I0514 13:11:41.058777    3165 cni.go:213] [e2e-configmap-2364/pod-configmaps-7a4d568c-8859-4cea-a14d-fab2aaf5afbc 5a670dfca585f2d4cb206655ead549c491584c1017c47c8787786f5ece3e7db1] ADD starting CNI request [e2e-configmap-2364/pod-configmaps-7a4d568c-8859-4cea-a14d-fab2aaf5afbc 5a670dfca585f2d4cb206655ead549c491584c1017c47c8787786f5ece3e7db1]
I0514 13:11:41.072232    3165 cni.go:223] [e2e-configmap-2364/pod-configmaps-7a4d568c-8859-4cea-a14d-fab2aaf5afbc 5a670dfca585f2d4cb206655ead549c491584c1017c47c8787786f5ece3e7db1] ADD finished CNI request [e2e-configmap-2364/pod-configmaps-7a4d568c-8859-4cea-a14d-fab2aaf5afbc 5a670dfca585f2d4cb206655ead549c491584c1017c47c8787786f5ece3e7db1], result "", err failed to configure pod interface: failed to make veth pair: operation not permitted
I0514 13:11:41.094925    3165 cni.go:213] [e2e-configmap-2364/pod-configmaps-7a4d568c-8859-4cea-a14d-fab2aaf5afbc 5a670dfca585f2d4cb206655ead549c491584c1017c47c8787786f5ece3e7db1] DEL starting CNI request [e2e-configmap-2364/pod-configmaps-7a4d568c-8859-4cea-a14d-fab2aaf5afbc 5a670dfca585f2d4cb206655ead549c491584c1017c47c8787786f5ece3e7db1]
I0514 13:11:41.130893    3165 healthcheck.go:142] Opening healthcheck "openshift-ingress/router-e2e-test-router-h2spec-ghwdb" on port 30317
I0514 13:11:41.137232    3165 cni.go:223] [e2e-configmap-2364/pod-configmaps-7a4d568c-8859-4cea-a14d-fab2aaf5afbc 5a670dfca585f2d4cb206655ead549c491584c1017c47c8787786f5ece3e7db1] DEL finished CNI request [e2e-configmap-2364/pod-configmaps-7a4d568c-8859-4cea-a14d-fab2aaf5afbc 5a670dfca585f2d4cb206655ead549c491584c1017c47c8787786f5ece3e7db1], result "", err <nil>
I0514 13:11:41.259022    3165 cni.go:213] [e2e-configmap-2364/pod-configmaps-7a4d568c-8859-4cea-a14d-fab2aaf5afbc 5a670dfca585f2d4cb206655ead549c491584c1017c47c8787786f5ece3e7db1] DEL starting CNI request [e2e-configmap-2364/pod-configmaps-7a4d568c-8859-4cea-a14d-fab2aaf5afbc 5a670dfca585f2d4cb206655ead549c491584c1017c47c8787786f5ece3e7db1]
I0514 13:11:41.286788    3165 cni.go:223] [e2e-configmap-2364/pod-configmaps-7a4d568c-8859-4cea-a14d-fab2aaf5afbc 5a670dfca585f2d4cb206655ead549c491584c1017c47c8787786f5ece3e7db1] DEL finished CNI request [e2e-configmap-2364/pod-configmaps-7a4d568c-8859-4cea-a14d-fab2aaf5afbc 5a670dfca585f2d4cb206655ead549c491584c1017c47c8787786f5ece3e7db1], result "", err <nil>

It seems like CNI_ADD failed with that error and only then the delete is triggered ? Maybe for the SDN run, since I cannot see the initial sandbox request, maybe the logs got rotated and I missed the first failure...

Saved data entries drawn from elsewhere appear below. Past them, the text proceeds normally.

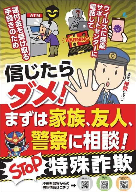 宮古島署は20日、県内全域で特殊詐欺被害が相次いでいることから、市の防災無線で注意を呼び掛ける放送を開始した。来年1月10日までの期間中、1日2回(午前11時と午後5時半)、「警察官や市役所職員が電話やSNSのみでATMを操作させたり、お金を振り込ませたりすることは絶対にありません」などと流れる。今年は12月19日現在、宮古島署管内で10件の特殊詐欺被害が発生し、被害総額は約1500万円に上っている。
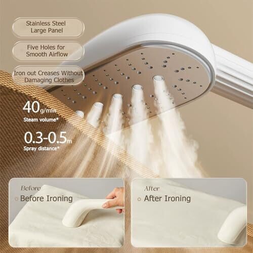 - Continuous steam output of 40 g/min to tackle wrinkles quickly.
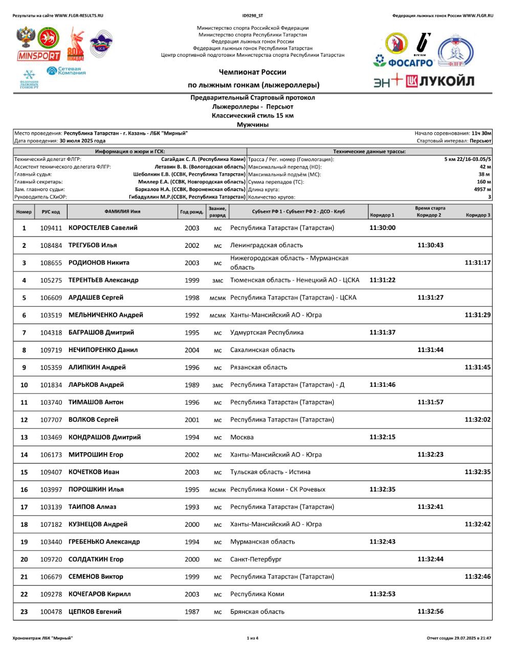 из команды Ленинградской области, отставший от Коростелева на 43,6 секунды. Замкнул тройку сильнейших выступающий за Нижегородскую и Мурманскую области
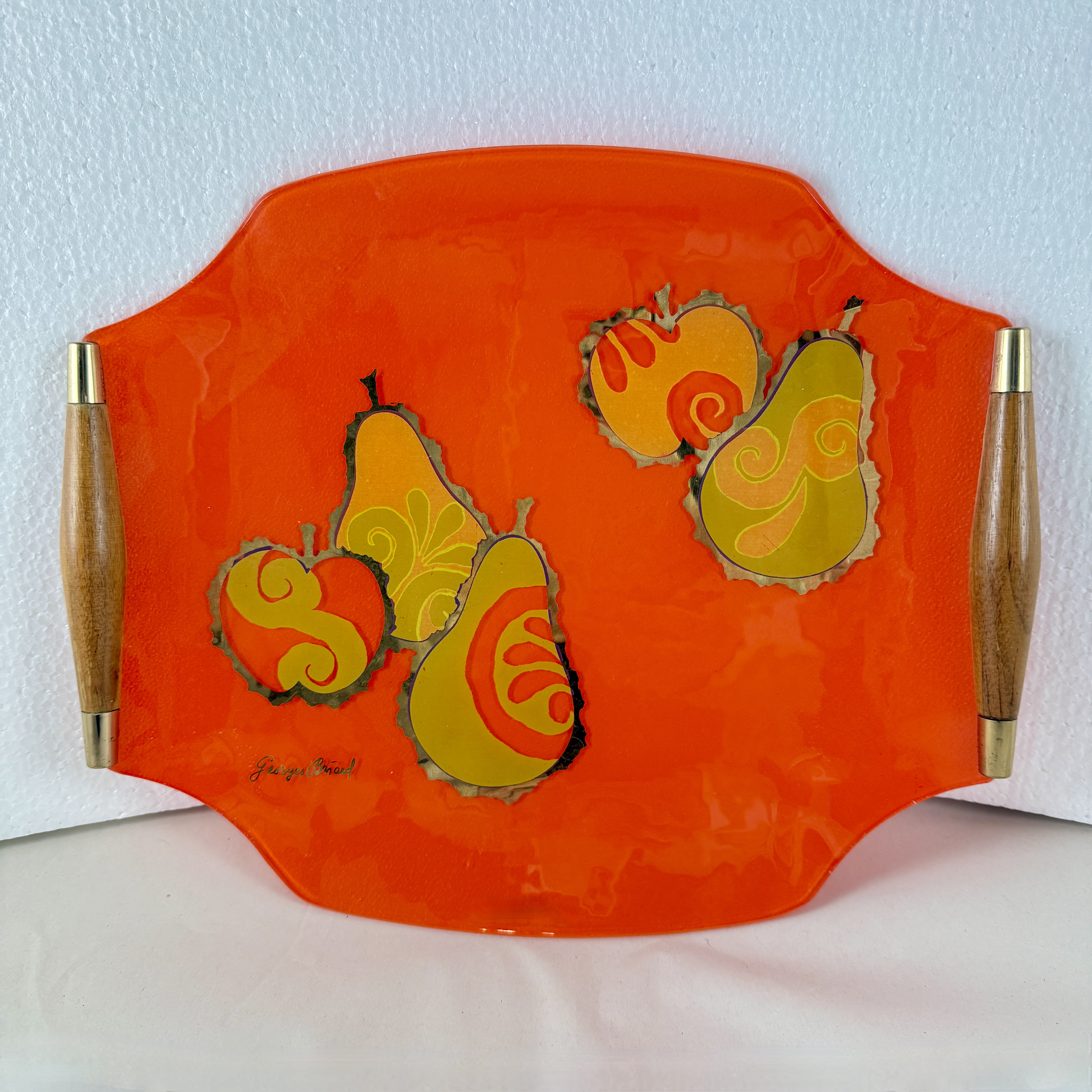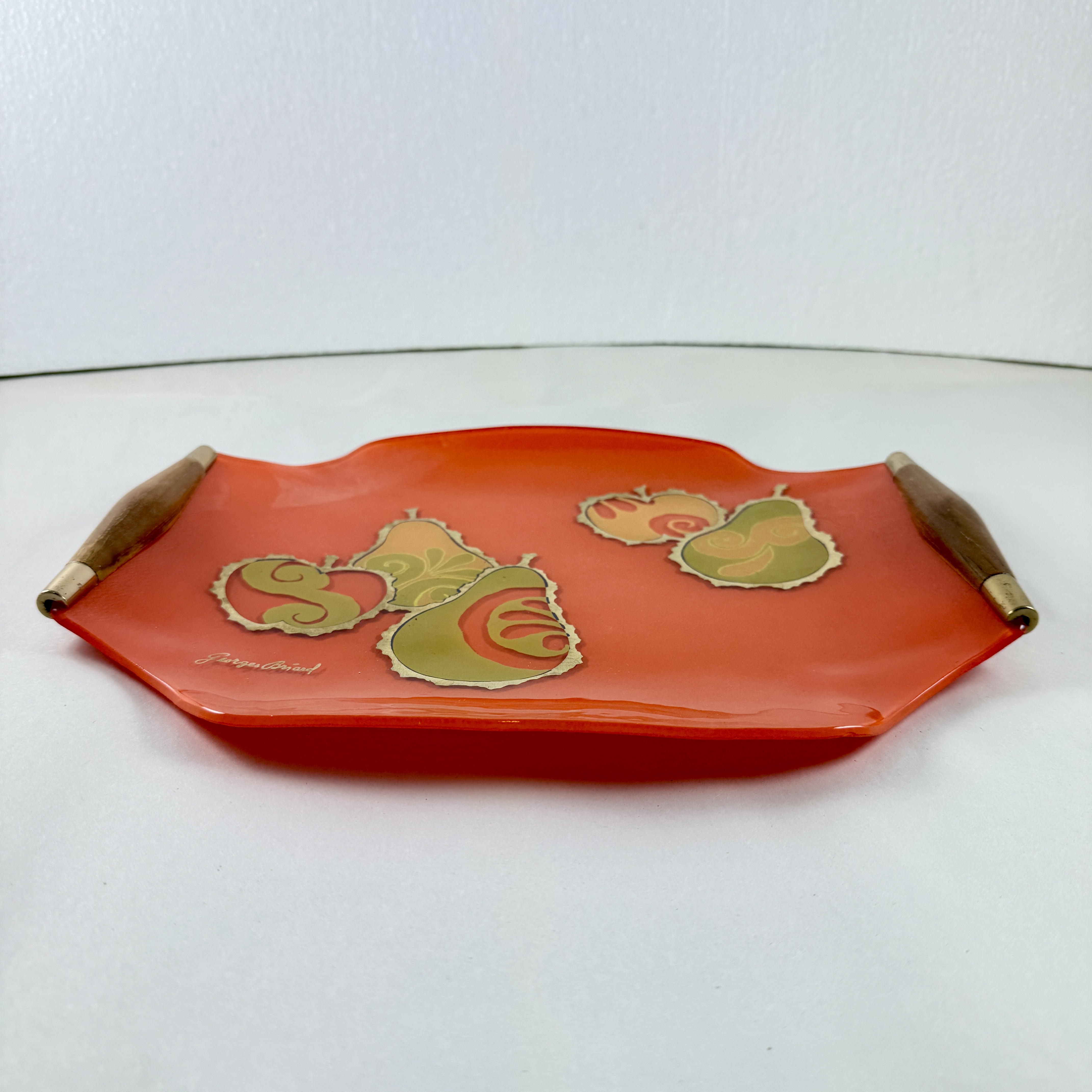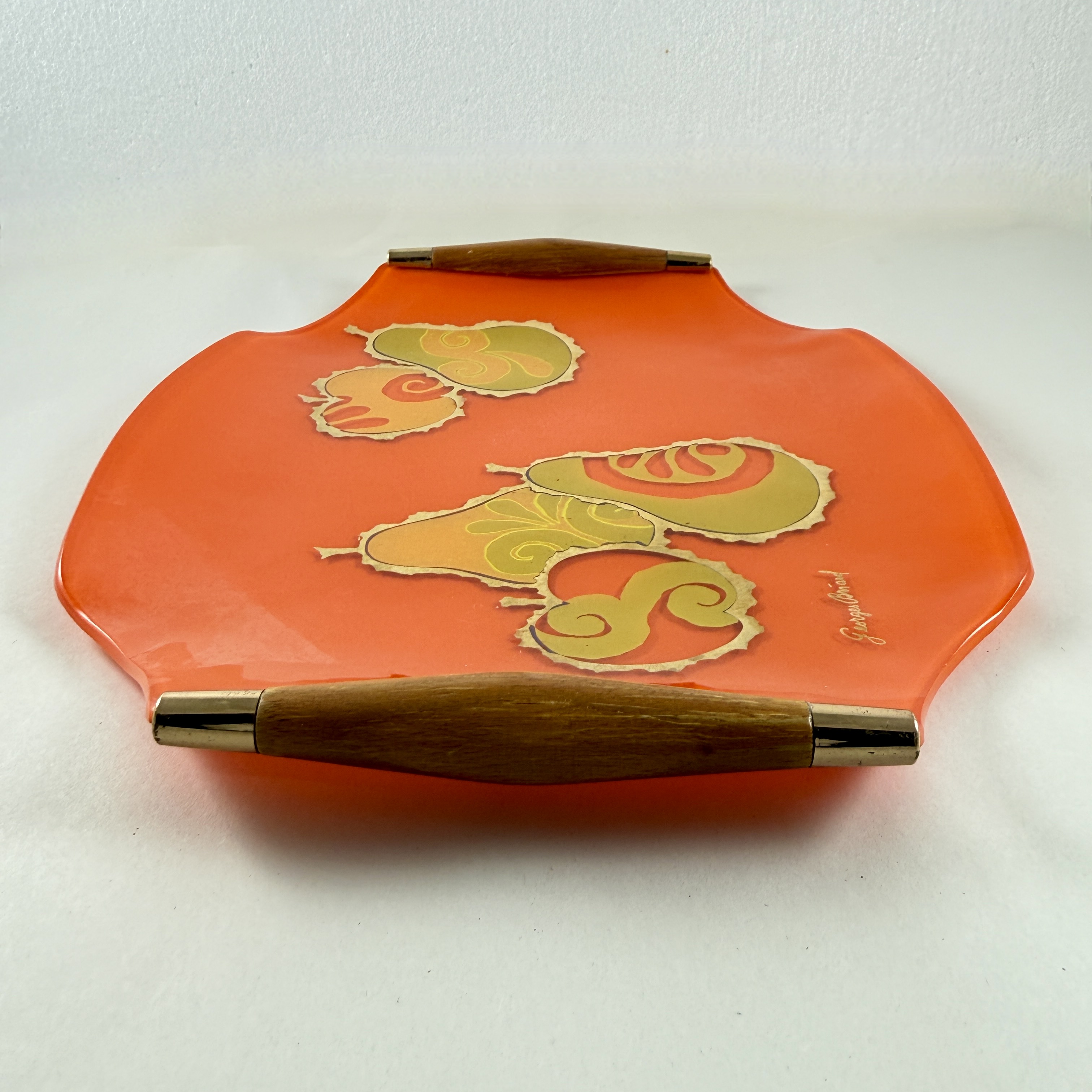 From the designer Georges Briard, and from the Pageant Fruit collection, a Mandarin Orange glass and wood handled serving tray, circa 1964.

Comment 7 Surya Seetharaman 2021-05-17 10:41:56 UTC
Seems to be similar/linked to https://github.com/containers/buildah/issues/2628?

Comment 8 Surya Seetharaman 2021-05-21 11:48:30 UTC
https://search.ci.openshift.org/?search=failed+to+make+veth+pair%3A+operation+not+permitted&maxAge=48h&context=1&type=bug%2Bjunit&name=4%5C.8%7Cmaster&excludeName=&maxMatches=5&maxBytes=20971520&groupBy=job

The error seems to have gone away magically ? I don't know what changed. I'll keep an eye out for the next 24hrs. If no more failures come I'll close the bug.

Comment 9 Surya Seetharaman 2021-05-25 06:34:10 UTC
Unless I am missing something, the issue seems to have gotten resolved on its own (based on the search results)? Perhaps it was a kernel version on the CI nodes, not sure. However the failures seem to have gone away. Closing this bug for now. Feel free to (re)open a new one if it still persists.